Mataram (Suara NTB) – Sebagian besar mantan Anggota Dewan Kota Mataram belum mengembalikan aset milik daerah berupa laptop, notebook serta aset lainnya. Tunggakan aset ini sudah berapa kali jadi temuan Badan Pemeriksa Keuangan (BPK) RI Perwakilan NTB.

Namun demikian, mantan wakil rakyat ini tak memiliki sikap kooperatif mengembalikan barang tersebut. Jika dalam waktu 60 hari setelah penyerahan laporan hasil pemeriksaan (LHP) tidak ada progres. Aparat Penegak Hukum (APH) bisa mengusut kasus tersebut.

Iklan

Dalam catatan BPK, sebanyak 15 mantan Anggota Dewan diduga menguasai aset berupa laptop dan notebook. Empat diantaranya kini masih aktif sehingga tidak dilakukan penagihan.

Yang lainnya yaitu, mantan Anggota Dewan masa bakti 2009 – 2014 yaitu, Nyayu Ernawati, H. Wildan dan Abdul Malik Thalib. Mereka diduga menguasai aset berupa notebook merek Toshiba pengadaan tahun 2010 senilai Rp 5.088.889.

Kemudian, AB Taufiqurrahman dan H.M. Tohri dengan pengadaan item dan tahun sama. Nilai aset dikuasai Rp 8.975.000.,

Anggota Dewan masa bakti 2004 – 2009. Hanya, Muzakir yang belum mengembalikan aset berupa notebook pengadaan tahun 2008 senilai Rp 14.850.000.,

Sementara, pengadaan di tahun 2007. Politisi PDI Perjuangan kini aktif sebagai Anggota DPRD NTB, Made Slamet juga belum mengembalikan aset Kota Mataram. Berupa laptop merek Toshiba senilai Rp 11. 190.000,. Demikian pula, Jansari dengan pengadaan item dan harga sama.

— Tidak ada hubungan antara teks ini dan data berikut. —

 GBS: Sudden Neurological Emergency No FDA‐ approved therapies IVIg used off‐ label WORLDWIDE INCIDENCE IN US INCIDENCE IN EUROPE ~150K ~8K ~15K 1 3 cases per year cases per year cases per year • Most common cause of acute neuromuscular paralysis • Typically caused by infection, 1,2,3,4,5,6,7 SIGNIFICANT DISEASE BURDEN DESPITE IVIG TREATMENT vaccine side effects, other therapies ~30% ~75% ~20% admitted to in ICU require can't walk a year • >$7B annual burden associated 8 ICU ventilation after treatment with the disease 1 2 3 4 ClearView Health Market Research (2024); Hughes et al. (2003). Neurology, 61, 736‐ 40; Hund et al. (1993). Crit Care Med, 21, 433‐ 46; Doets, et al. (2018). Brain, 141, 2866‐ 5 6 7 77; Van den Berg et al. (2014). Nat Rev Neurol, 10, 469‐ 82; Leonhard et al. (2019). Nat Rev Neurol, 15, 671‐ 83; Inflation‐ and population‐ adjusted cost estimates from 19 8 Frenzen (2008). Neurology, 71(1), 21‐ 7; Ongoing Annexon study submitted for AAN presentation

Pengadaan di tahun 2006. Empat mantan Anggota Dewan yaitu, Thamrin Marjun, TGH. Achmad Muchlis dan H. Wildan. Item pengadaan berupa laptop merek Asus senilai Rp 9,6 juta.

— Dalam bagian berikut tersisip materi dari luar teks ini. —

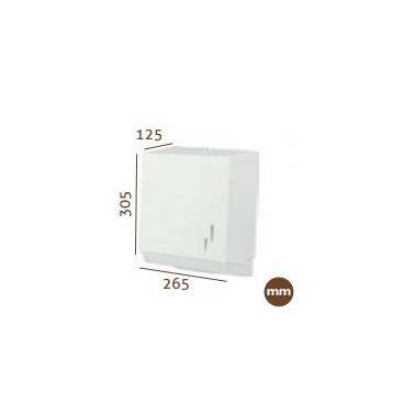 Papierhandtuchspender aus weiß lackiertem Stahl. 400-600 Handtücher. Fehlender Inhaltsbetrachter. Sicherheitsschloss mit Schlüssel. Reißfeste Kante mit Extraktionskante, die das Zerreißen von Handtüchern und Händen verhindert. Beinhaltet Hardware. Maße: 265x305x125mm.

Sementara, empat Anggota Dewan masih aktif yaitu, H.M. Zaini, I Gde Sudiartha, I Wayan Sugiartha dan Lalu Suryadi.

Tindaklanjut rekomendasi BPK, kata Kepala BPK RI Perwakilan NTB, Wahyu Priyono menjadi tanggungjawab Pemkot Mataram dan DPRD untuk menyelesaikan. Pihaknya hanya memantau dan mendorong penyelesaian atas tindaklanjut tersebut.

BPK memberikan waktu 60 hari untuk menindaklanjuti. Itu artinya, ada jawaban atau tanggapan dari pejabat yang bertanggungjawab meskipun belum selesai 100 persen. “Selama tidak ada temuan yang mengandung unsur tindak pidana korupsi, BPK tidak melaporkan ke APH,” katanya.

Akan tetapi, berbeda halnya apabila hasil pemeriksaan itu dilaporkan Inspektorat ke aparat penegak hukum. Atau sebaliknya, APH bisa saja berinisiatif menindaklanjuti tunggakan aset dikuasai mantan Anggota Dewan di Kota Mataram. “Itu sudah di luar kewenangan BPK,” ujarnya. (cem)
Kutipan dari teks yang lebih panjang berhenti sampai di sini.